Good going there Al. It's always good to get someone new started.


----------



## SELFBOW (Feb 12, 2015)

todd cook said:


> good going there al. It's always good to get someone new started.



x2!


----------



## Clipper (Feb 12, 2015)

Sounds like you did a good days work and had fun doing it!  That's a good way to live.  Thanks for taking time with a veteran.


----------



## jerry russell (Feb 13, 2015)

Good work Al.  Bows can really change lives. 

Bring him up to the house this spring for a night of bow fishing.


----------



## 2wheelfoster (Feb 13, 2015)

Way to go Al!


----------



## dm/wolfskin (Feb 13, 2015)

You're bad AL. Way to ruin a Vet.


----------



## broadhead (Feb 13, 2015)

What a great afternoon. I bet he is hooked now.


----------



## Jake Allen (Feb 13, 2015)

That is great man!

It is a good thing you have been putting a notch on that bow for every first time shooter, because the limb would be broken by now.


----------



## Al33 (Feb 13, 2015)

Jake Allen said:


> That is great man!
> 
> It is a good thing you have been putting a notch on that bow for every first time shooter, because the limb would be broken by now.

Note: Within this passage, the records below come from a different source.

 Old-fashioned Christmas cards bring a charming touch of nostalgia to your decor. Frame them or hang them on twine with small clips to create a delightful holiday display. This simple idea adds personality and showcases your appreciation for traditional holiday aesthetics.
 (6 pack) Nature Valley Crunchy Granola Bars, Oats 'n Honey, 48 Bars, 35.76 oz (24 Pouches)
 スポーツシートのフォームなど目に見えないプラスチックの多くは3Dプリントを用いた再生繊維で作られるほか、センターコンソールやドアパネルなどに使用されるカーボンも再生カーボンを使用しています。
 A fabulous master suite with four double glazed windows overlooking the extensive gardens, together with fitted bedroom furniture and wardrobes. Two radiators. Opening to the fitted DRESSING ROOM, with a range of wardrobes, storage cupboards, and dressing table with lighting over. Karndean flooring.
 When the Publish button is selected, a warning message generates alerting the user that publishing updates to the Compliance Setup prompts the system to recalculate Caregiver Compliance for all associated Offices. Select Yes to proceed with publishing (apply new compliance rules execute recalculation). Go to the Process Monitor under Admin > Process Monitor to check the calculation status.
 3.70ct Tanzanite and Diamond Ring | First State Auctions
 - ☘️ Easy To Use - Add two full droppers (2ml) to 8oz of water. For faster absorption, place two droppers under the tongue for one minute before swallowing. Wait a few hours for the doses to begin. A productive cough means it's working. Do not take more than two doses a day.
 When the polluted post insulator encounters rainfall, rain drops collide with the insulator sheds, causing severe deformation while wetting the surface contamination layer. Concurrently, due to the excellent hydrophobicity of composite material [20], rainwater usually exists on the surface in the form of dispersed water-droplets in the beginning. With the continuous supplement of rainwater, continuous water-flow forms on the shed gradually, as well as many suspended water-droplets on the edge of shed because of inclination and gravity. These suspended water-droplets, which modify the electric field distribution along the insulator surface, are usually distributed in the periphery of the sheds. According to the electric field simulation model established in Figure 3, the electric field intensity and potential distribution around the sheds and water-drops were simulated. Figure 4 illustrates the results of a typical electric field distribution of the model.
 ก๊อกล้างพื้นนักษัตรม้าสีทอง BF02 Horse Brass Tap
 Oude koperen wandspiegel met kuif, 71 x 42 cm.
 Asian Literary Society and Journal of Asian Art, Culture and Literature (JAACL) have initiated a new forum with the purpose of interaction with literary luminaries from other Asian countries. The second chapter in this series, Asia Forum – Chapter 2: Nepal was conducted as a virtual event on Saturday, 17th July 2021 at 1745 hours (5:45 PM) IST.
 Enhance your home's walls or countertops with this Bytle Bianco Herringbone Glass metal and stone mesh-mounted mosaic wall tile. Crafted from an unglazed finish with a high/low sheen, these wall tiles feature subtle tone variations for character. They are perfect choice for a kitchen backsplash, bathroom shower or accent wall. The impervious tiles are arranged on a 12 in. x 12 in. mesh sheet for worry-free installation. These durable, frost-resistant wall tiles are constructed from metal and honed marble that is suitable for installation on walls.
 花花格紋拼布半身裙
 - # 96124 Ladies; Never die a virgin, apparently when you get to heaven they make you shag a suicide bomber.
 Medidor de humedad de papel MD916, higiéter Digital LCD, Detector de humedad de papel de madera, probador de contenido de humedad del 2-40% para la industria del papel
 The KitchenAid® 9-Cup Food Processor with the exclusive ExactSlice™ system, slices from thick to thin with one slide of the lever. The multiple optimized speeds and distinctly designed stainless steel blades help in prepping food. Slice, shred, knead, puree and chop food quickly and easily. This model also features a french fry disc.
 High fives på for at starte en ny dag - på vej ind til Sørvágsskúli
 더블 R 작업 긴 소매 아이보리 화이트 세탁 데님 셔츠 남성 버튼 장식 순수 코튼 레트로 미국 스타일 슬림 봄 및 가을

I wished I had put the names of everyone who has been hooked on trad archery after shooting this bow on the bow. I can't remember everyone or I would do it now. Maybe I will go ahead and do as many as I CAN remember. I know it is a bow I will never let go of as long as I am alive, it's very special to me.


----------



## Jake Allen (Feb 13, 2015)

Al33 said:


> I wished I had put the names of everyone who has been hooked on trad archery after shooting this bow on the bow. I can't remember everyone or I would do it now. Maybe I will go ahead and do as many as I CAN remember. I know it is a bow I will never let go of as long as I am alive, it's very special to me.



I know you can add me, Gene, and (I think) Nugefan to that list.


----------



## SELFBOW (Feb 13, 2015)

Need something at your house for everyone to sign that has come to shoot bows....


----------



## Al33 (Feb 13, 2015)

Jake Allen said:


> I know you can add me, Gene, and (I think) Nugefan to that list.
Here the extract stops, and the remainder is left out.